I've put the failed drive back into my system as a slave drive in hopes of retrieving any useful data that still exists on it. Windows keeps telling me the thing needs to be formatted. I've tried to retrieve data using software designed for that purpose and it actually found a few small things on the drive (without offering to format it). But practically all of my working data is no longer accessible ; gone are the documents I was writing, the digital pictures I'd taken.

Except for the pictures I had decided to share with others and posted in one place or another on the web. Except for the things I had written and posted for someone else to read. Except for the documents I had emailed to others for their use.

But the data that I never shared with anyone - the email drafts I never sent, the working documents I was keeping to myself, the pictures I never gave to anyone else - that is the data that is probably gone for good.

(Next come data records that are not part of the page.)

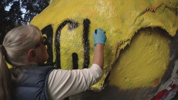 Crews plan to remove hazardous paint and soil before hauling away pieces of Bellingham Rock near I-5.
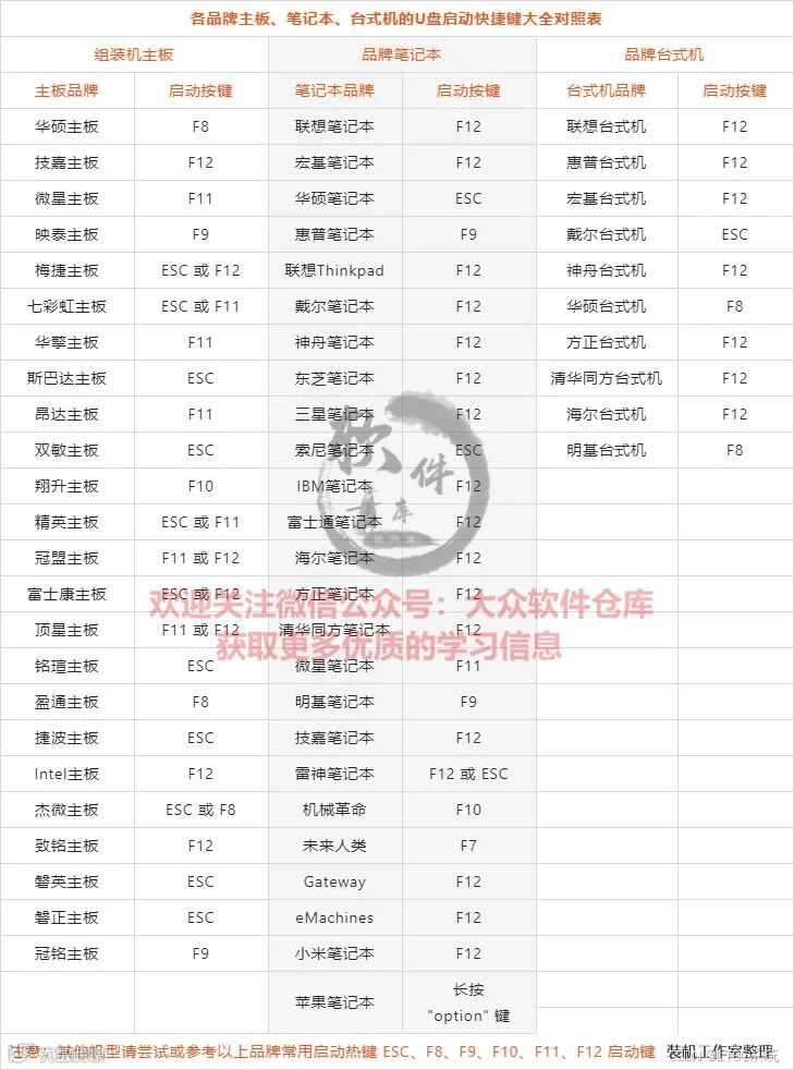 (1)使用临时启动菜单,重启电脑在出现品牌 Logo 的瞬间,按下对应的启动菜单快捷键,下面是相关的对照图表,在弹出的启动菜单里选择:USB / UEFI USB / UEFI: XXX USB,系统将从 WinPE 启动进入 PE 桌面;
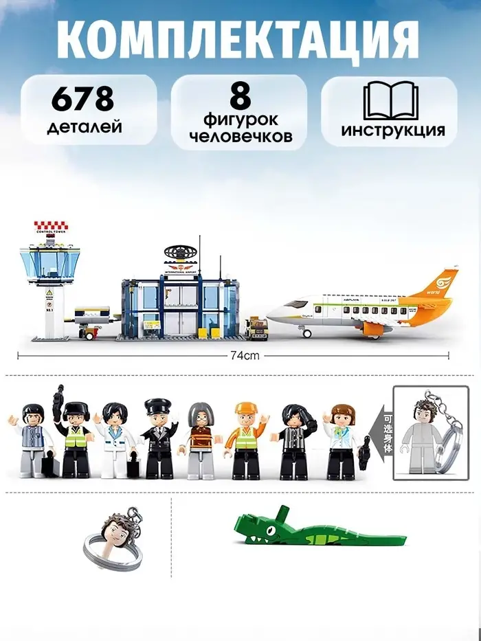 - В комплекте 678 деталей, из которых можно собрать различные элементы аэропорта.
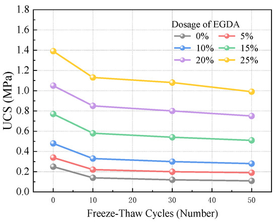 Figure 9 depicts the changes in UCS of the consolidated bodies after freeze-thaw cycling. The UCS initially declines rapidly and then decreases more gradually. After 10 freeze-thaw cycles, the UCS reduction percentages for EGDA dosages ranging from 0% to 25% were 44.00%, 35.29%, 31.25%, 24.68%, 19.05%, and 18.71%, respectively. From 10 to 50 cycles, the reduction percentages were 12%, 8.82%, 10.42%, 9.09%, 9.52%, and 10.07%. In the early stages of freeze-thaw cycling (≤10 cycles), the UCS declines sharply due to significant internal structural instability, leading to a rapid loss of load-bearing capacity. In contrast, in the later stages (>10 cycles), the UCS decreases more slowly as the remaining bonded structures stabilize after the failure of weaker components. The impact of freeze-thaw cycling on these stable structures is limited, allowing for better maintenance of load-bearing capacity. This suggests that after undergoing extensive freeze-thaw cycling, the internal damage of the consolidated body reaches a threshold, causing the UCS to stabilize at a certain value.
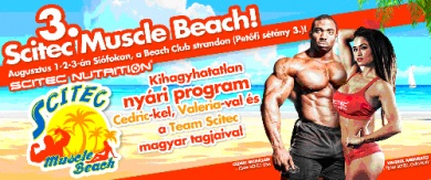 Immár harmadik alkalommal kerül megrendezésre a Scitec Nutrition legizgalmasabb nyári rendezvénye, a Scitec Muscle Beach. Az elmúlt két évben minden várakozást felülmúlt az esemény népszerűsége, így idén is egy kivételesen jó bulira van kilátás. A siófoki Borsodi Beachen ott lesz Valeria Ammirato, világbajnok, az Amatőr Bikini Olimpia első helyezettje, a Team Scitec USA nagyágyúja, Cedric McMillan valamint a Team Scitec Magyarország sztárjainak színe-java, s természetesen fantasztikus programok, izgalmas versenyek, szabadtéri edzési lehetőség és SCITEC ajándékok is várják az érdeklődőket. A színes programkínálat és a kiváló hangulat garantált. A Balatont és az izgalmas nyári éjszakákat talán már meg sem kell említeni…
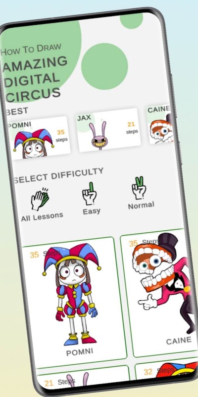 Amazing Digital Circus is a cartoon popular worldwide with its unique characters. If you do not know how to draw the main characters, then this is a training application for you! Here you will find many step -by -step drawing lessons. The Amazing Digital Circus Character training applies will help you draw your favorite characters in its various images. Here you will find many step -by -step drawing lessons.
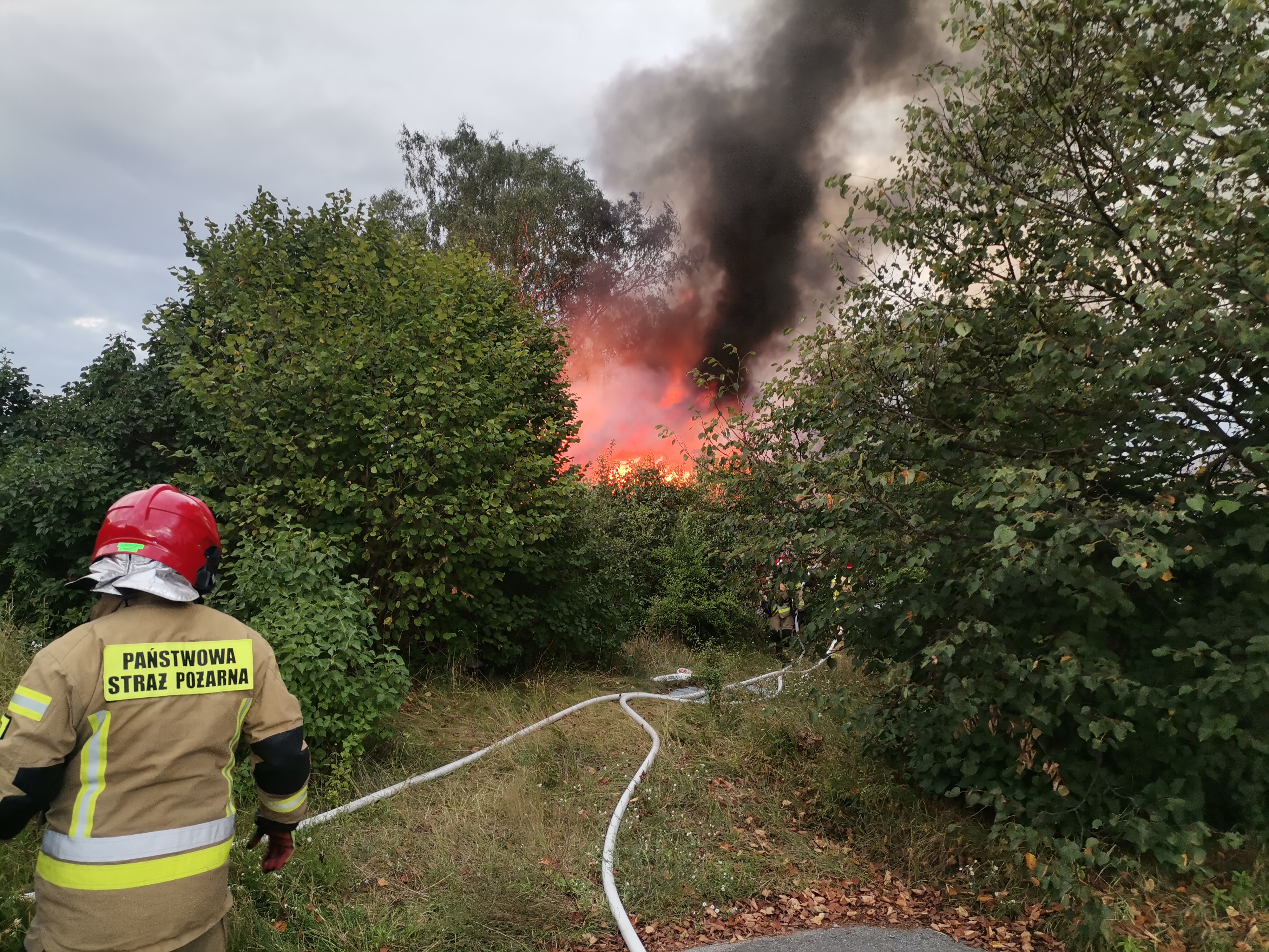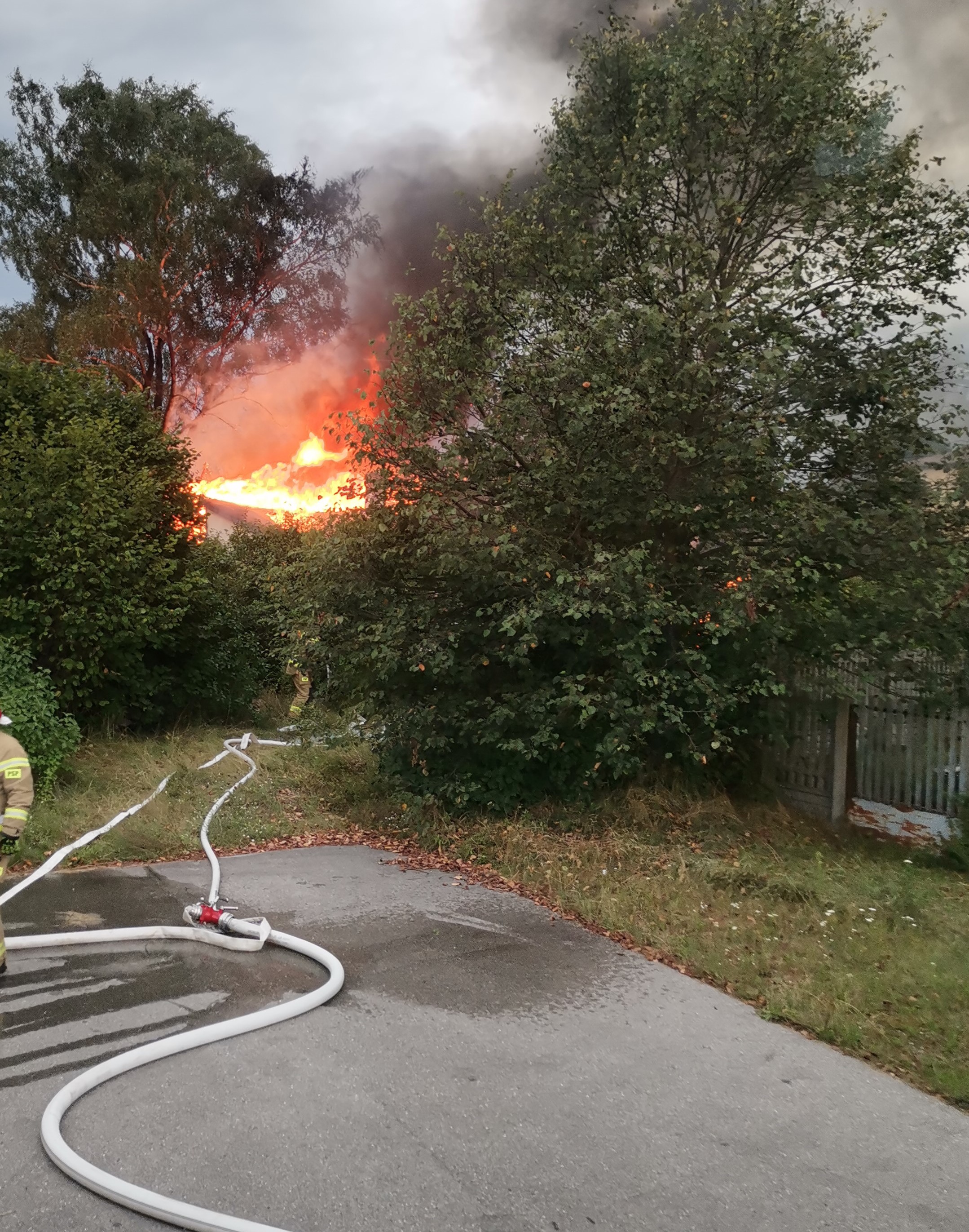 Na ratunek ruszyło 7 zastępów straży pożarnej, które zastały niezamieszkały drewniany budynek mieszkalny w całości objęty ogniem. Strażacy zabezpieczyli teren działań i podając 2 prądy wody ugasili pożar. Dalsze działania polegały na oddymieniu i przewietrzeniu ocalałych pomieszczeń i przeszukaniu zgliszczy pod kątem obecności osób. Ratownicy potwierdzili, że nikt nie został poszkodowany. Zdemontowali także nadwyrężone przez ogień elementy konstrukcyjne, a na zakończenie, wykonując kontrolę kamerą termowizyjną potwierdzili brak zagrożenia pożarowego.

One by one I am finding things that I liked so much that I wanted someone else to have them, and those are the treasures that keep coming back to me.

Friday, April 01, 2005

Arts Festival

I just got word that the Highlands School District Art Department will host an Arts Festival from 11:00 AM to 4:00 PM on Sunday, April 10, 2005 at the Highlands High School in Natrona Heights.

Teresa Emeloff writes:
The day will include an exhibit of student visual work from grades six through twelve. Professional artists working in media such as paint, ceramics, wood, metal and much more, will be exhibiting their work and demonstrating their techniques. Performances in dance, music, and drama from many talented Highlands students will take place as well as a special guest performance by Attack Theater, a modern dance company. Many Pittsburgh Art and Cultural organizations will also be present to provide information about their programs and also conducting a variety of children's art activities. Refreshments will be available. The event is free of charge and the perfect Sunday afternoon family event.

It looks exciting.

Update. The school district has an announcement on their website.

Far away in the desert

This story about a new church where some friends of mine worship pushed me to ponder a hard question. That small fellowship gives away 60% of what they raise. So I ask myself what changes would need to happen in an existing congregation to have that kind of lifestyle?

From my virtual park bench I can see a church building that shelters the worship space of a congregation that is generous but does not come close to giving away as much as Spirit of the Desert does. I see the children rushing to our weekly programs, and realize that in comparison with a church that appears to have only retirees, we are rich in having children participate so regularly. I see the weekly activities of a congregation that, so far, has had the space readily available whenever the Spirit has guided us into new ministry or outreach. But I still wonder how close we could come to giving away 60% if we really tried.